**Task instructions**
Exclude the pictures and repeat all of the data exactly.

**Exercise data**
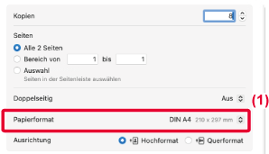 unter „Papiergröße" im Seiteneinstellungsfenster zum Drucken verwendet.
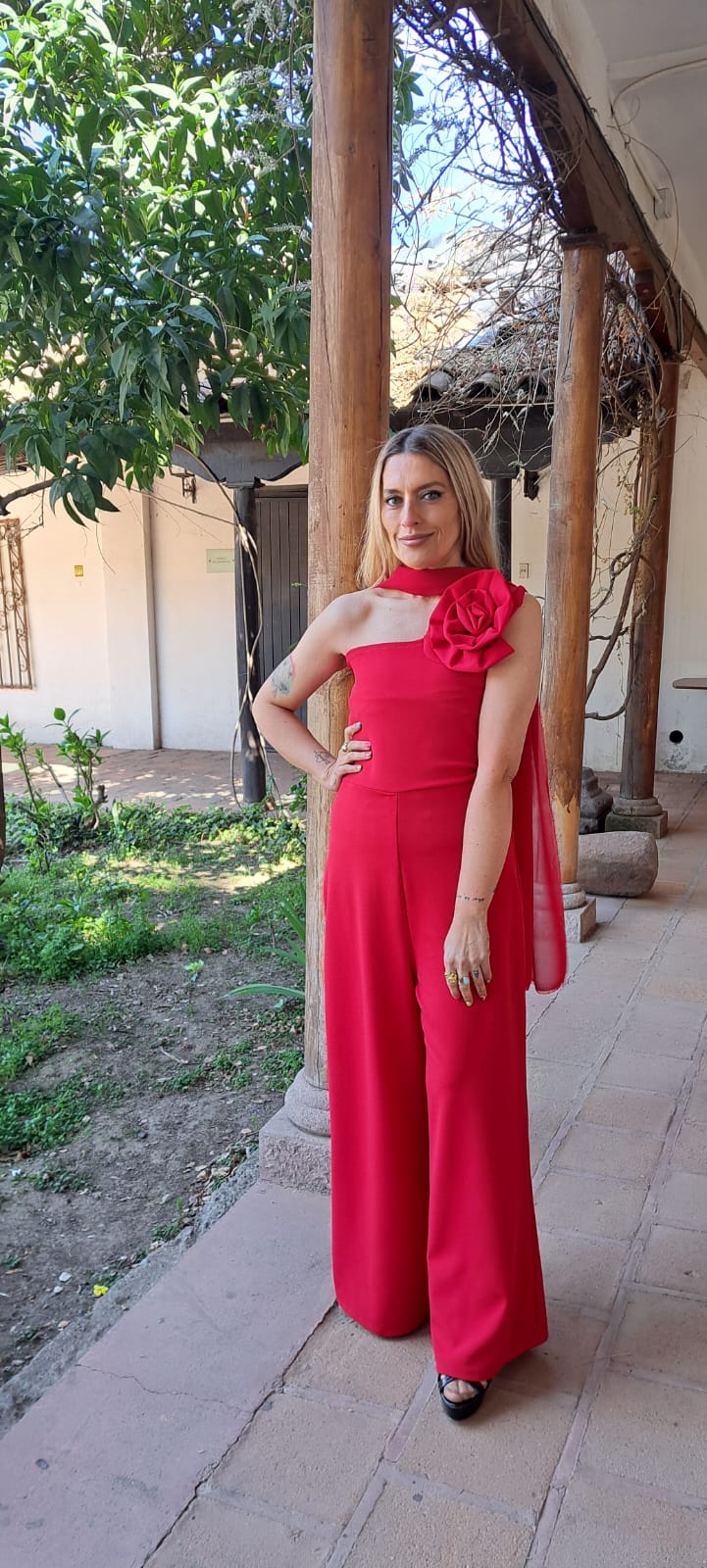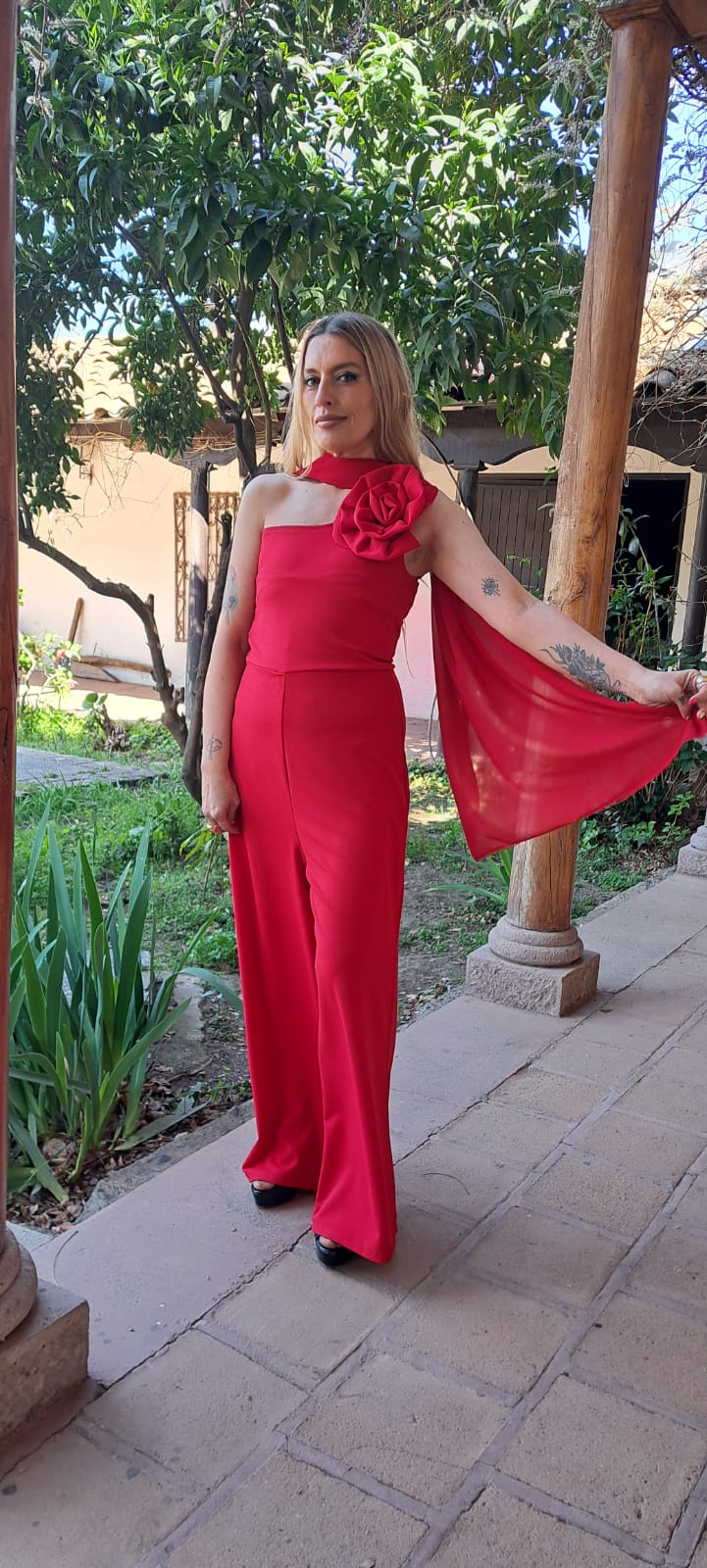 «Enterito exclusivo de nuestra marca. diseño elegante en tono rojo intenso, confeccionado en tela de caída fluida que estiliza la silueta, con ajuste al cuerpo en la parte superior. Presenta escote halter asimétrico con delicada maxi flor decorativa e incluye un tapado de gasa shiffon del mismo tono.»
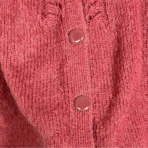 Sézane Tonio Jumper Sweater Knit Cardigan in Berry Pink and Women’s Size Small. 40% polyamide, 32% kid mohair and 28% merino wool. Super soft. Fancy knit. Button front. Enamel buttons. Made in China. Hand wash. Very good pre-owned condition. No visible flaws.
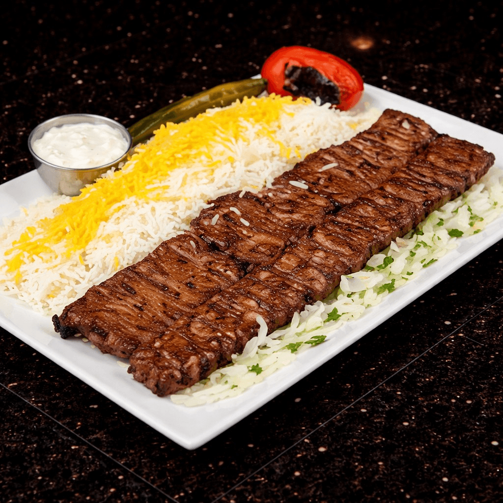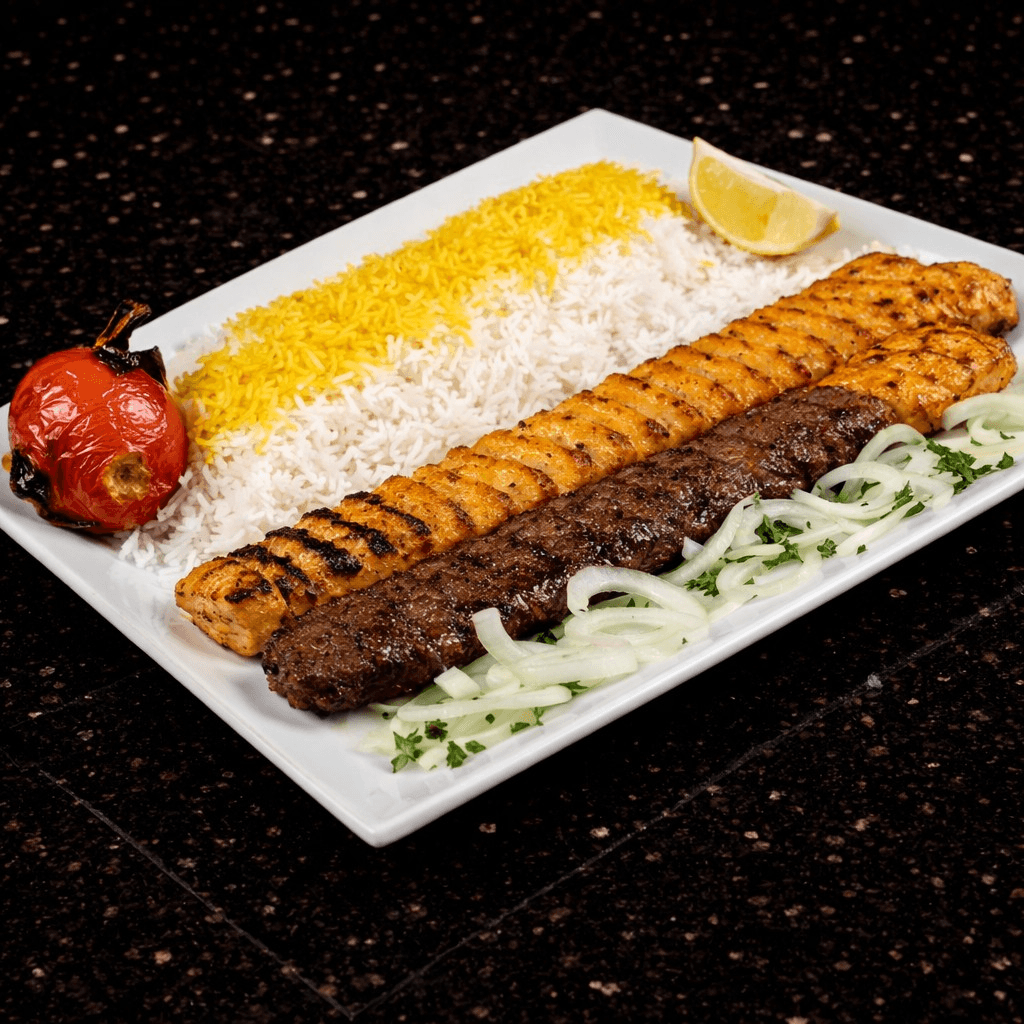 Premium combo of tender koobideh (ground beef kabab) and 8 oz prime filet mignon, fire-grilled to perfection
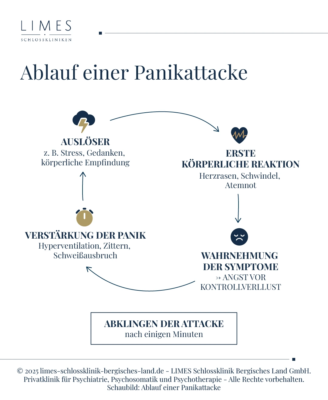 Panikattacken treten häufig zwischen dem 20. und 40. Lebensjahr erstmals auf, können aber in jedem Alter vorkommen. Eine einzelne Attacke dauert in der Regel zwischen fünf und zehn Minuten, auch wenn sie subjektiv deutlich länger empfunden wird. Die körperlichen Symptome wie Herzrasen oder Atemnot können nach dem Abklingen der Attacke noch Minuten bis Stunden nachwirken. Etwa 2-3 % der Bevölkerung entwickeln im Laufe des Lebens eine Panikstörung mit wiederkehrenden Attacken. Das wiederholte Auftreten führt häufig zu einem ausgeprägten Vermeidungsverhalten, insbesondere in Situationen, in denen eine Flucht schwierig wäre – ein Kennzeichen der sogenannten Agoraphobie. Ohne gezielte Therapie kann sich ein Kreislauf aus Angst vor der Angst entwickeln, der den Alltag stark einschränkt.
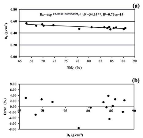 According to the regression model, a correlation was identified between the increase in wood basic density and the decrease in natural moisture content (Figure 3). In a Eucalyptus saligna plantation, Lopes & Garcia (2002) also confirmed the viability of estimating the wood basic density by determining the natural moisture content. While studying coniferous trees, Dibdiakova & Vadl (2012) found that the proportion of living tissues and sapwood increased from the base to the tree top, thus resulting in an increase in wood moisture content. The same authors observed that moisture content and wood density were inversely proportional. Furthermore, while studying Astronium gravelolens, Santos et al. (2011) found a good correlation between density and fiber wall thickness, which indicates that this correlation must benefit individual growth and cambium maturation, thus allowing for a balance between water conduction and mechanical resistance. The inverse correlation between the basic density and natural moisture content of the tree implies synchrony among wood properties.
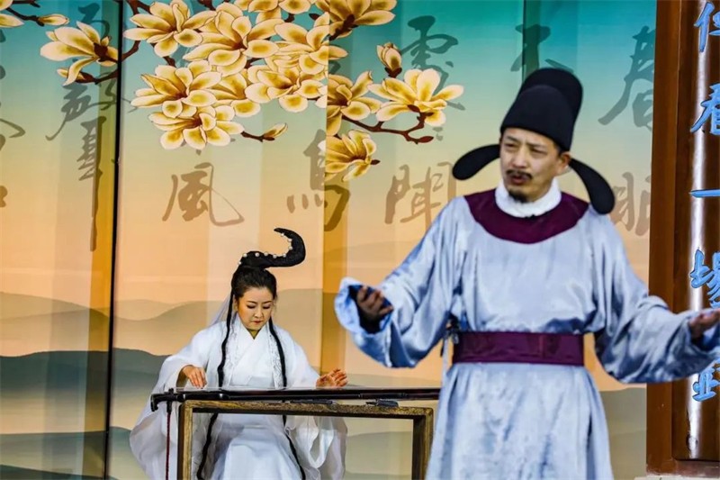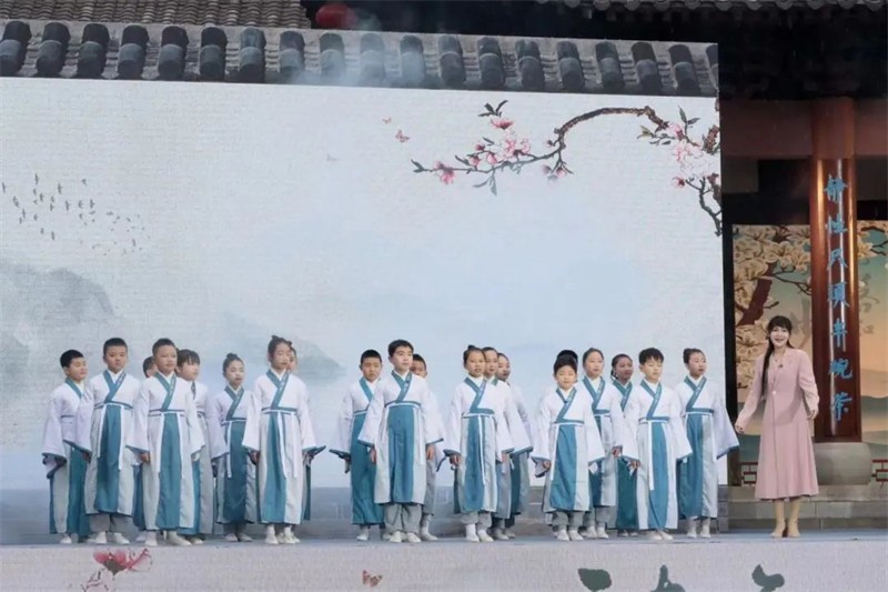 此次詩會別出心裁,以采詩官為主線,將整場詩會串珠成篇,次第鋪展。在采詩官的講述中,觀眾身臨其境開啟了一場水墨畫卷中的詩書樂舞旅程。學(xué)堂內(nèi),學(xué)童們吟誦起膾炙人口的《春曉》,老師正在講授朱自清的《春》,古今文學(xué)經(jīng)典恰如其分地詮釋著觀眾眼前這美麗的初春景象。身著漢唐服裝的女子在白水江碧波、油菜花田的舞臺呈現(xiàn)中翩翩起舞,古風(fēng)舞蹈《春江水暖》向觀眾展示出古代人們迎接春天的喜悅場景。獨(dú)立音樂人李建儐配合古樸的吉他吟唱《詩經(jīng)·秦風(fēng)·蒹葭》,3000多年前,秦隴大地文脈賡續(xù)灼灼光華的盛景躍然觀眾眼前?,F(xiàn)代詩朗誦《春天的謙詞》《碧口》,描摹出詩人亮子和包苞心目中的隴南春日景象,歌曲《心駐碧口》更是將人們對碧口古鎮(zhèn)的熱愛化作美妙的旋律在這片青山綠水間回蕩。情境詩朗誦《蜀道難》《鳳凰臺》將李白與杜甫的傳世名作生動演繹,展現(xiàn)出那個詩人輩出的年代隴南的自然景觀。當(dāng)舞臺上李太白、杜子美與采詩官跨越時空,共同吟誦起婦孺皆知的《將進(jìn)酒》,更是引起了全場共鳴,“五花馬,千金裘,呼兒將出換美酒,與爾同銷萬古愁”的合誦聲將人們帶到了群星璀璨的盛唐。
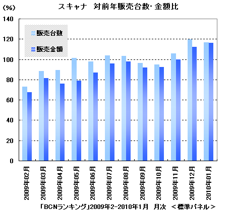 シートフィード型の動きは、スキャナ市場全体にも影響を与えている。1年前の09年2月の対前年同期比は、販売台数72.9%、金額67.6%と前年割れしていた。しかし、その後市場は徐々に回復し、12月は前年を超えた。10年1月には台数116.5%、金額116%と勢いをみせている。

**Solution for this task**
 unter „Papiergröße" im Seiteneinstellungsfenster zum Drucken verwendet.
 «Enterito exclusivo de nuestra marca. diseño elegante en tono rojo intenso, confeccionado en tela de caída fluida que estiliza la silueta, con ajuste al cuerpo en la parte superior. Presenta escote halter asimétrico con delicada maxi flor decorativa e incluye un tapado de gasa shiffon del mismo tono.»
 Sézane Tonio Jumper Sweater Knit Cardigan in Berry Pink and Women’s Size Small. 40% polyamide, 32% kid mohair and 28% merino wool. Super soft. Fancy knit. Button front. Enamel buttons. Made in China. Hand wash. Very good pre-owned condition. No visible flaws.
 Premium combo of tender koobideh (ground beef kabab) and 8 oz prime filet mignon, fire-grilled to perfection
 Panikattacken treten häufig zwischen dem 20. und 40. Lebensjahr erstmals auf, können aber in jedem Alter vorkommen. Eine einzelne Attacke dauert in der Regel zwischen fünf und zehn Minuten, auch wenn sie subjektiv deutlich länger empfunden wird. Die körperlichen Symptome wie Herzrasen oder Atemnot können nach dem Abklingen der Attacke noch Minuten bis Stunden nachwirken. Etwa 2-3 % der Bevölkerung entwickeln im Laufe des Lebens eine Panikstörung mit wiederkehrenden Attacken. Das wiederholte Auftreten führt häufig zu einem ausgeprägten Vermeidungsverhalten, insbesondere in Situationen, in denen eine Flucht schwierig wäre – ein Kennzeichen der sogenannten Agoraphobie. Ohne gezielte Therapie kann sich ein Kreislauf aus Angst vor der Angst entwickeln, der den Alltag stark einschränkt.
 According to the regression model, a correlation was identified between the increase in wood basic density and the decrease in natural moisture content (Figure 3). In a Eucalyptus saligna plantation, Lopes & Garcia (2002) also confirmed the viability of estimating the wood basic density by determining the natural moisture content. While studying coniferous trees, Dibdiakova & Vadl (2012) found that the proportion of living tissues and sapwood increased from the base to the tree top, thus resulting in an increase in wood moisture content. The same authors observed that moisture content and wood density were inversely proportional. Furthermore, while studying Astronium gravelolens, Santos et al. (2011) found a good correlation between density and fiber wall thickness, which indicates that this correlation must benefit individual growth and cambium maturation, thus allowing for a balance between water conduction and mechanical resistance. The inverse correlation between the basic density and natural moisture content of the tree implies synchrony among wood properties.
 此次詩會別出心裁,以采詩官為主線,將整場詩會串珠成篇,次第鋪展。在采詩官的講述中,觀眾身臨其境開啟了一場水墨畫卷中的詩書樂舞旅程。學(xué)堂內(nèi),學(xué)童們吟誦起膾炙人口的《春曉》,老師正在講授朱自清的《春》,古今文學(xué)經(jīng)典恰如其分地詮釋著觀眾眼前這美麗的初春景象。身著漢唐服裝的女子在白水江碧波、油菜花田的舞臺呈現(xiàn)中翩翩起舞,古風(fēng)舞蹈《春江水暖》向觀眾展示出古代人們迎接春天的喜悅場景。獨(dú)立音樂人李建儐配合古樸的吉他吟唱《詩經(jīng)·秦風(fēng)·蒹葭》,3000多年前,秦隴大地文脈賡續(xù)灼灼光華的盛景躍然觀眾眼前?,F(xiàn)代詩朗誦《春天的謙詞》《碧口》,描摹出詩人亮子和包苞心目中的隴南春日景象,歌曲《心駐碧口》更是將人們對碧口古鎮(zhèn)的熱愛化作美妙的旋律在這片青山綠水間回蕩。情境詩朗誦《蜀道難》《鳳凰臺》將李白與杜甫的傳世名作生動演繹,展現(xiàn)出那個詩人輩出的年代隴南的自然景觀。當(dāng)舞臺上李太白、杜子美與采詩官跨越時空,共同吟誦起婦孺皆知的《將進(jìn)酒》,更是引起了全場共鳴,“五花馬,千金裘,呼兒將出換美酒,與爾同銷萬古愁”的合誦聲將人們帶到了群星璀璨的盛唐。
 シートフィード型の動きは、スキャナ市場全体にも影響を与えている。1年前の09年2月の対前年同期比は、販売台数72.9%、金額67.6%と前年割れしていた。しかし、その後市場は徐々に回復し、12月は前年を超えた。10年1月には台数116.5%、金額116%と勢いをみせている。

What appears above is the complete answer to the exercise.